Schematic representation of US-side scattered signal registration (A). Frequency spectra for MB-containing (MB + US) and MB-free (US alone) groups (B), shown for the frame #634 (41.3 s); the inset highlights frequency spectra within 1.5–1.75 MHz frequency range. RMS curves for + MB and − MB groups, quantified in 1.5–1.75 MHz frequency range (C); frame #634 is indicated by blue arrows. Temporal increase in FFT amplitude in 1.5–1.75 MHz frequency range (D). Temporal decrease in FFT amplitude for the 2nd (2f), 3rd (3f) and 4th (4f) harmonics (f = 0.95 MHz) (E). RMS curves, evaluated in 1.5–1.75 MHz frequency range and its corresponding repetitive ranges at higher frequencies (F). RMS curves, quantified within ± 0.1 MHz frequency band around the 2nd (2f), 3rd (3f) and 4th (4f) harmonics (G). RMS curves, calculated within ± 0.1 MHz frequency band around the 1st suharmonic (1/2f) and 1st ultraharmonic (3/2f) (H).

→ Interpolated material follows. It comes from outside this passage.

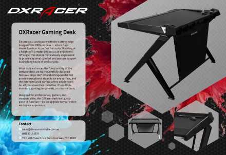 Designed for professionals, gamers, and creatives alike, the DXRacer desk isn’t just a piece of furniture—it’s an upgrade to your entire, gaming experience.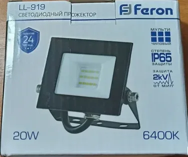 Прожектор светодиодный 2835 SMD 20W 6400K IP65 AC220V/50Hz, черный, LL-919

Examples of the variability in RMS curves (1.5–1.75 MHz), obtained from different tumor samples (I). The correlation between CD and tumor decrease rate, pooled for Ca²⁺ SP and BLM SP (J).

Fig. 8

US diagnostic imaging of subcutaneous tumors. A gradual reduction in the intensity of US back-scattered signal in MB bolus (orange arrow in upper panel) or ROI (red circle in lower panel) areas, followed by simultaneous disappearing of MB shadow (yellow arrow) (A). Normalised B-scan intensity curves with respective sigmoidal approximations, obtained from different tumors (B). The correlation between MB sonodestruction rate and tumor decrease rate (C).

Fig. 9

The correlation between MB sonodestruction rate and CD.